Pendidikan dilakukan untuk meningkatkan pengetahuan dan keahlian PNS melalui pendidikan formal. Pengembangan kompetensi dalam bentuk pendidikan formal dilaksanakan dengan pemberian tugas belajar yang diberikan dalam rangka memenuhi kebutuhan standar kompetensi jabatan dan pengembangan karier.

Pelatihan (training) adalah proses sistematik pengubahan perilaku para pegawai dalam suatu arah guna meningkatkan tujuan-tujuan organisasi atau mempelajari sikap, kemampuan, keahlian, pengetahuan, dan perilaku yang spesifik yang berkaitan dengan pekerjaan (Simamora, 1997:342). Pelatihan penting tidak saja bagi pegawai yang kurang berkinerja tetapi juga bagi pegawai yang berkinerja. Pegawai yang kurang kinerjanya akan dipacu pengetahuannya agar keterbatasannya dapat diatasi, sebaliknya bagi pegawai yang berkinerja baik, pelatihan dapat meningkatkan motivasinya dengan rehat sejenak dari pekerjaan rutin dan melakukan kegiatan di luar aktivitas rutinnya.
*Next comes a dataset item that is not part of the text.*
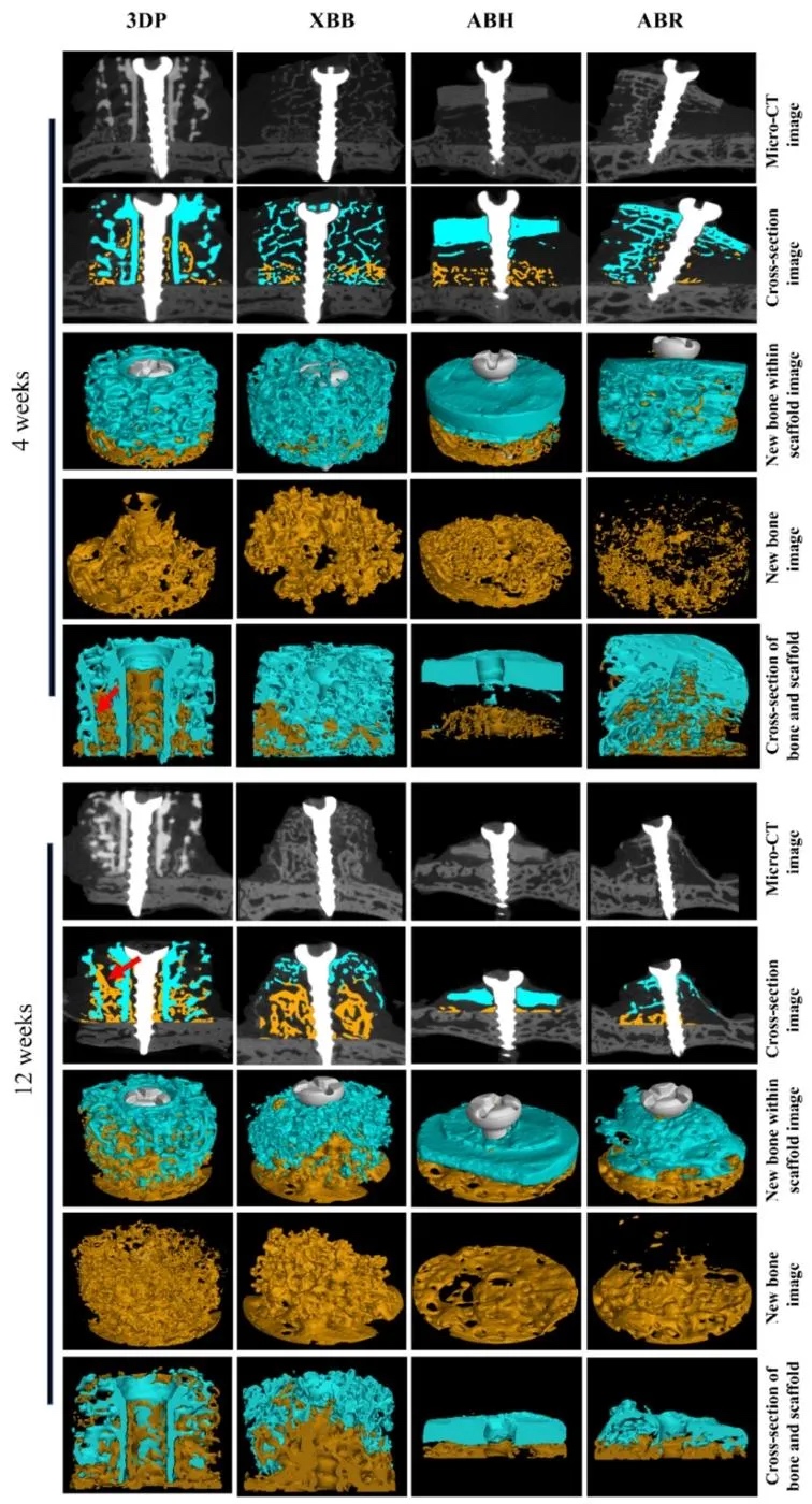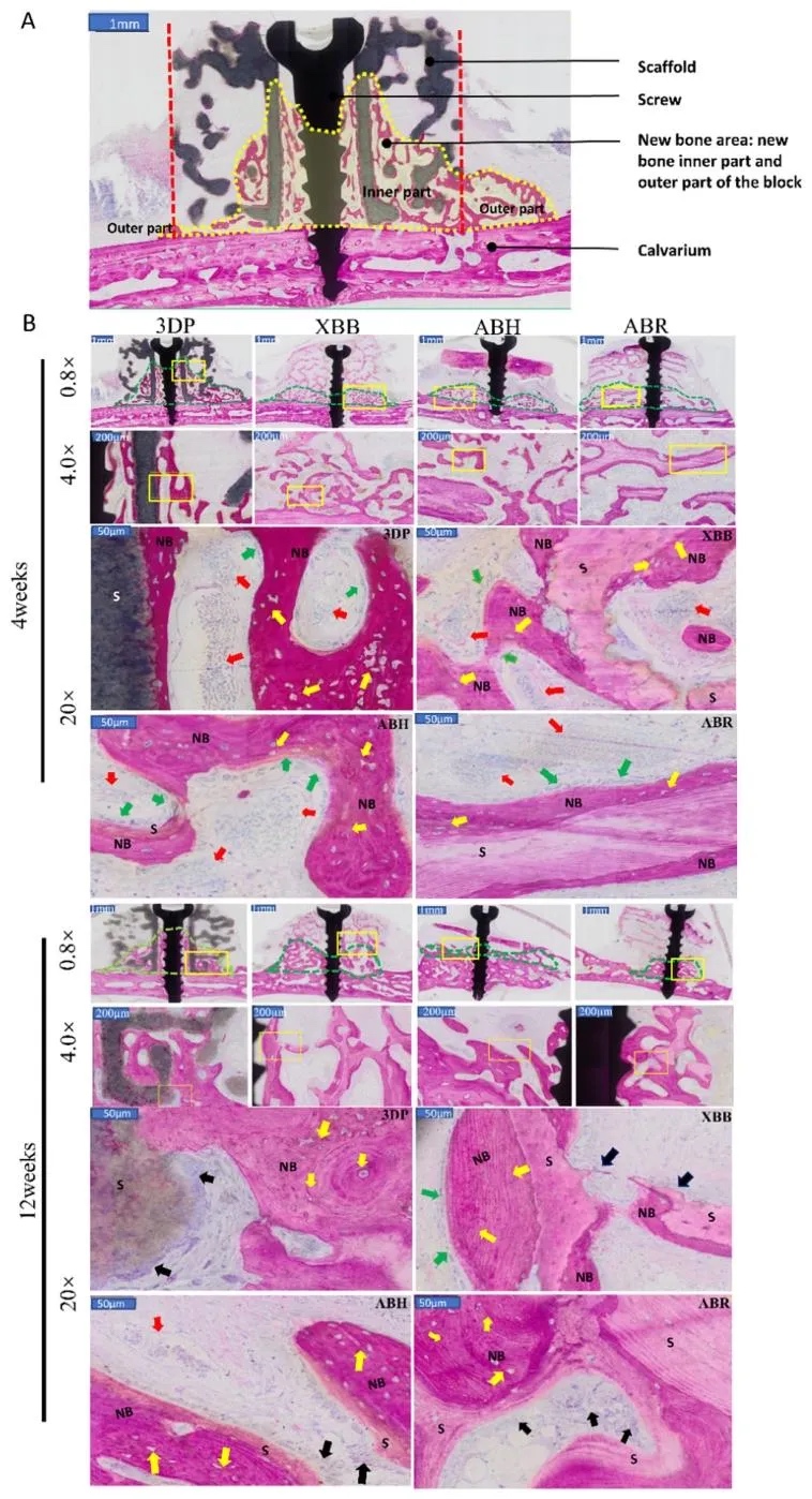 ,3DP早期垂直成骨更快;组织学分析显示,所有骨块均与宿主骨整合,但3DP新骨呈定向生长,且在4周时新骨面积显著高于XBB和ABH。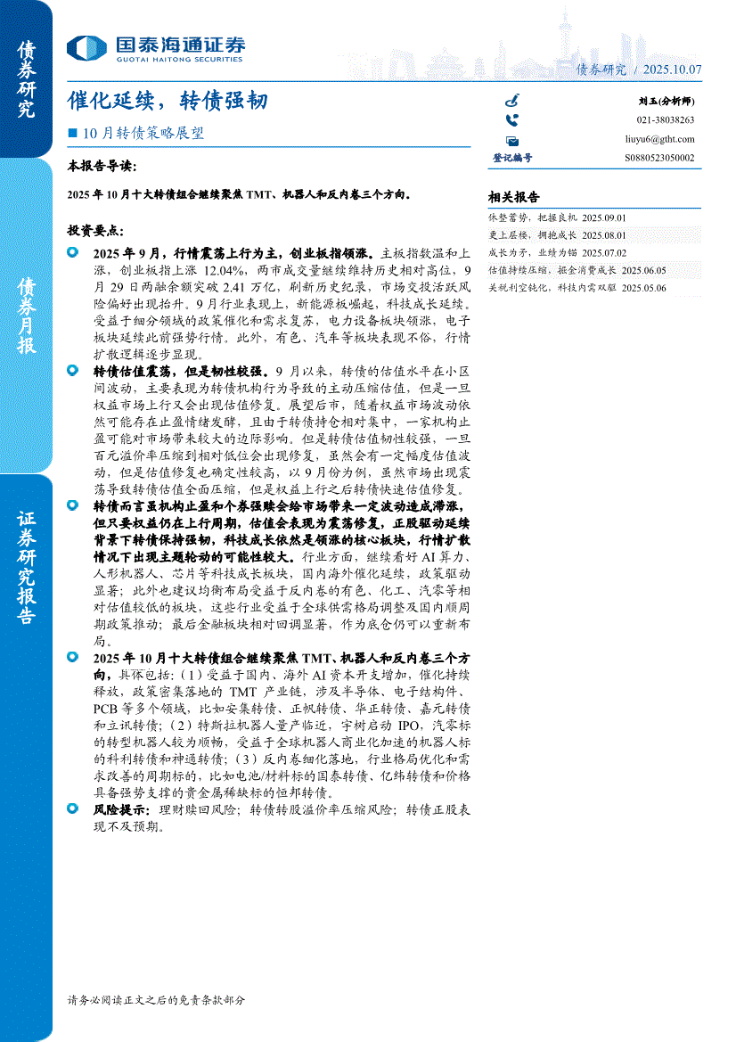 国泰海通证券-10月转债策略展望:催化延续,转债强韧-251007

Tujuan penyegaran semangat kerja yang merupakan motivasi tidak boleh disepelekan dalam pembinaan pegawai.

Untuk itu, pelaksanaan pengembangan kompetensi setiap instansi wajib untuk menyusun perencanaan pengembangan pegawai setiap tahunnya sehingga dapat dipetakan kebutuhan pengembangan pegawai sesuai dengan kebutuhan instansi dengan jalur yang sesuai. Dengan adanya pengembangan kompetensi pegawai di instansi diharapkan dapat meningkatkan kompetensi pegawai dan meningkatkan kinerja pegawai.

BAB II
PEMBAHASAN

Terbitnya Undang-Undang Nomor 5 Tahun 2014 tentang Aparatur Sipil Negara dan Peraturan Pemerintah Nomor 11 Tahun 2017 tentang Manajemen PNS yang membawa perubahan yang cukup signifikan dalam manajemen kepegawaian, salah satunya dalam pengembangan kompetensi pegawai. Pengembangan kompetensi akan menjadi tren yang luar biasa, mengingat kompetensi merupakan salah satu instrumen yang digunakan dalam sistem merit.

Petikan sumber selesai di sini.